On the second day of our Fibres and composites transforming industry series, Dr Matthew Young looks at Australia’s prowess with composites and their role in the federal government’s six priority sectors.
As a Materials Scientist and Metallurgist, composites manufacturing has played a large part in my career. Having grown up around water, I built and frequently repaired my own fiberglass white-water kayaks in the backyard. And then, as a university student in the 1980s, after visiting Hawker de-Havilland in Bankstown, I became intrigued by the high strength Kevlar and carbon materials, production tooling, manufacturing methods and autoclave curing for commercial aircraft.
Years later I was lucky enough to take on a lead Materials and Process Technology role developing 787 moveable trailing edge materials and productions systems at Boeing Aerostructures Australia, at which Hawker de Havilland was a legacy company. It was my responsibility to set up robust and repeatable processes and build materials that displaced the need for autoclaves and much of the technology I had seen years earlier. The aim was to significantly reduce labour and total processing time for aircraft parts production.
I recall a feeling of pride, when during her visit to Boeing Aerostructures Australia in 2013, the then Prime Minister the Hon. Julia Gillard noted “innovation too is what is happening in this factory behind me a different way, a different material for the building of the flaps on planes is going to change those planes forever and that work can be done here because the intellectual work to make it happen, happened in Australia.”
The sentiment that “intellectual work can make it happen in Australia” still rings true. I believe when we strive to be novel and innovative in developing and manufacturing composites their application could be much broader in Australia.

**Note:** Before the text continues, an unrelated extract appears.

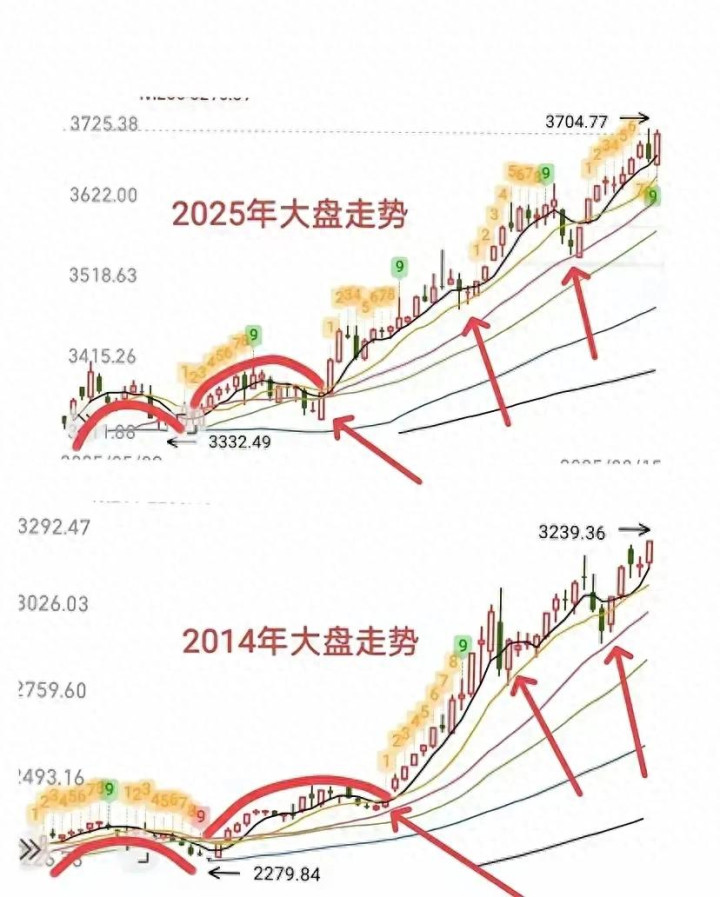 沪指当前的牛市,和2014年的牛市有着惊人的相似之处。就好像时间按下了重播键,市场上又出现了熟悉的热闹景象,各种利好消息频出,投资者们的热情也被重新点燃,仿佛又回到了那段激情燃烧的岁月。
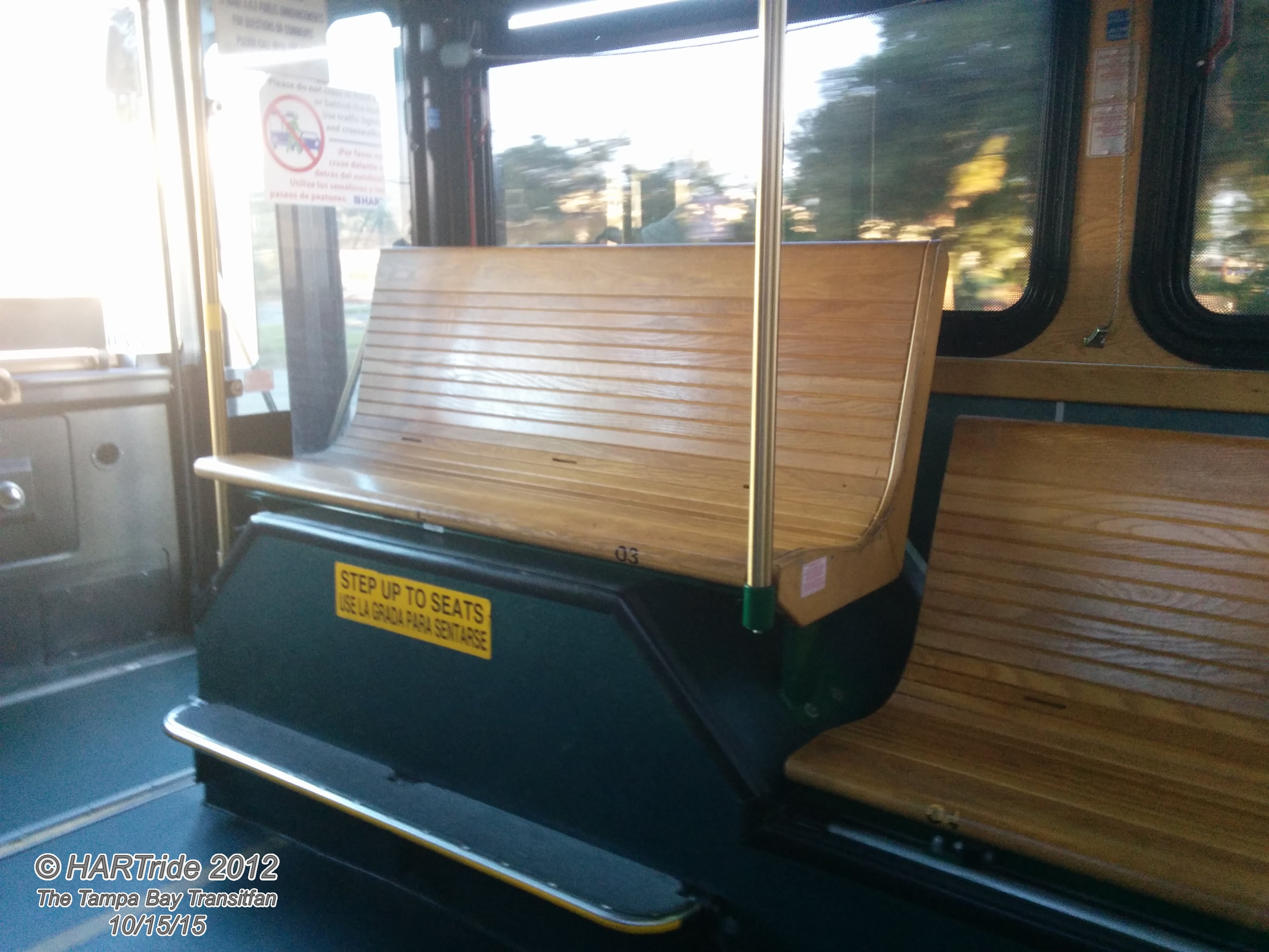 Some transit agencies opt for the seating on top of the wheel well. For HART’s Gillig Low Floor buses, the trolleys are the only buses in their fleet to posses this option.

As a nation, we are internationally-recognised for our expertise in the field of composites. We often exceed expectations. Standout examples include, but are not limited to, one piece carbon fibre wheels supplied to the world’s top exotic car manufactures, instantly recognised pink sleeve oars used by world-class still-water rowers, and the manufacture of world-leading buoyancy systems for marine and subsea requirements.
Australian composite manufacturing has often excelled as a result of companies participating and leveraging the entire value stream – from research and development, design, analysis, production, test validation, certification, logistics, sales and service – as set out in CSIRO’s 2016 Advanced Manufacturing Roadmap.
Those at the forefront of the industry are prioritising technology investment and are eager to embrace digital workflows, automation, digital twins and managing production using meaningful data and analytics.
Yet, for manufacturers looking for government support to help accelerate technology investment to advance the Australian composites industry, the Government’s Modern Manufacturing Initiative and the often-remarked approach of “Picking Winners” could be a double-edged sword.
On the downside, the initiative clearly does not favour composites manufacturers who already have established their niche outside the six identified national priority sectors – space, medical products, resource technology and critical minerals processing, food and beverages, recycling and clean energy, and defence. They will face uncertainty – at least in the near term – around how and if the government will support their course.
However, on the upside, composites manufacturing is an enabler and often an essential requirement for engineering and economical success within all six priority areas.
Thus, companies interested in adapting and expanding their business operation, for instance, should consider partnering and collaborating with industry and universities in each of the selected priority areas. The material and structural benefits of composites create unlimited opportunities / application potential.
Examples may include:
- High strength/light weight structures that improve payload capacity and payload durability for space launch and satellites.
- Medical Products such as implants, prosthetics, light weight portable imaging devices and patient support structures that are radiolucent.
- Drilling and processing equipment for Resources Technology and Critical Minerals Processing where strength and toughness need to be unaffected by corrosive leaching agents employed in rare earth extraction.
- Inert non contaminating materials for Food and Beverage processing and storage that could include tanks, hoppers and the like, and ancillary equipment such as light weight cleanable grating and access gantries.
- Light weight / high damage tolerance structures for Defence applications including air land and sea vehicles, personal armour as well as low radar cross-section /electromagnetic signature products.
- Finally, but importantly, with Australia being a significant user for both domestically produced and imported composites products such as wind turbine blades, there is a definite need in Repair, repurposing, reuse and recycling composite materials.
As an end note, and considering the Clean Energy focus of the Modern Manufacturing Initiative, it is important to recognise the potential impact of Australia’s National Hydrogen Strategy. The increase of domestic hydrogen production, storage and transport will see significant demand for composite high-pressure storage vessels. A strong and competitive design, manufacture, sales and support sector for these vessels is a logical extension to hydrogen production, and will enable Australian industry to extend its participation in a national and international hydrogen gas value stream.
Dr Matthew Young is Manufacturing Innovation Manager at the Innovative Manufacturing CRC (IMCRC).